Prof. Dr. Fuat Kalyoncu, bilhassa üst teneffüs yollarında görülen enfeksiyonların birden fazla faktörden kaynaklandığını söyleyerek, “Bir sürü mikrop ve virüsten bahsedildiğini duyuyoruz. Hastanelerde artık karne üzere bir kağıt ile değişik isimlerle karşımıza geliyorlar. 2 yıl meskende kapalı kaldık, maskelerimizi taktık ve birazcık korunduk. Maskelerimizi çıkarınca bir anda çocuk ve erişkinler enfeksiyonun kucağına düştük. Teneffüs yolu enfeksiyonlarının her tipi var şu anda. Mikroplarla olanlar da var virüslerle olanlar da var” dedi.
‘ENFEKSİYONLARIN ARTMASI İKLİMLE İLGİLİ’
Sıklıkla görülen enfeksiyon hastalıklarında en büyük sorunun boğaz ağrısı, baş ağrısı ve oldukça uzun süren öksürük olduğunu belirten Prof. Dr. Kalyoncu, iklim değişikliğinin de teneffüs yolu enfeksiyonları ile bağlı olduğunu söyleyerek, şöyle konuştu:
- “Dünyanın iklimi giderek ısınıyor. Etrafınızdaki hangi kentte olursanız olun dağlarda kar var mı? Derelerimiz kurudu, kuyuların taban suyu bile azaldı. Barajlardaki su ölçüsü azaldı. Havalar da eskisi üzere soğuk olmadığı için bu enfeksiyonların bir ölçü artması bununla alakalı. Natürel bu tek sebep değil. Yani; işin içinde hava kirliliği var. Ağır ölçüde ısınmak için kullandığımız bir sürü doğal fosil yakıtların hava kirliliğine neden olması, fabrikaların kirlilikleri bizleri etkiliyor.
- Hem havaların sıcak gitmesi hem de bu kirlilik, kapalı yerde daha çok ve daha kalabalık bir ortada bulunmamız değerli etkenler. Dolayısı ile enfeksiyonları daha ağır, daha sık, şiddetli yaşar hale geldik. Bunların hepsini bir arada düşünmek lazım. Mecburî olmadıkça kalabalık ortamlarda uzun saatler boyunca kalmamalıyız. Bunu birazcık yumuşak tabirlerle belirtmeye çalıştım. Zira yüzde yüz bundan kaçınmak mümkün değil. Olabildiğince çok kişi ile dar alanda bulunduğunuz vakit da maske takın. Dönem öncesinde grip aşınızı olun.”

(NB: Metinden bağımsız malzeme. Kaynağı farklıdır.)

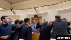 Не обошлось без брани и драки между оппозиционерами и представителями партии власти. В итоге охране наконец-то удалось разнять депутатов и освободить трибуну, выдворив часть оппозиции из зала заседания. Этим крайне недовольна была одна из лидеров «Нацдвижения» Тинатин Бокучава:

‘HASTALIKLARIN PROFİLİ DEĞİŞECEK’
İklim koşullarının giderek değişmesinin giderek ağır sonuçlarının olacağına dikkat çeken Prof. Dr. Kalyoncu, şu tabirleri kullandı:
- “İklim değişikliği bu türlü gittiği sürece hastalıkların profili değişecek. Global ısınma ile birlikte tropikal bölgede, yani ekvatoral bölgedeki enfeksiyon ve paraziter hastalıklar yavaş yavaş kuzeye hakikat kayacak. Herhalde biz de görmediğimiz sıtma üzere, kala-azar üzere ya da leishmaniasis (şark çıbanı) hastalığı üzere daha çok Uzak Doğu’da görülen, oradan turistlerin getirdiği parazit hastalıklarını daha sık görebileceğiz.
- Bu, yeniden sıcak bölgelerde pandemilere neden olan daha nadir virüs hastalıklarının Türkiye’de görülmesine neden olabilir. Bunun için mutlak suretle ilgili kısımların, başta Sıhhat Bakanlığı’nın Turizm Bakanlığı ile bir arada oturup ileriye yönelik çeşitli senaryolar üzerinde tedbirler düşünmesi lazım. Bizden yurt dışına gidecek olup da geri geleceklere ‘oradan hastalık getirmesinler’ diye birtakım planların yapılması lazım.”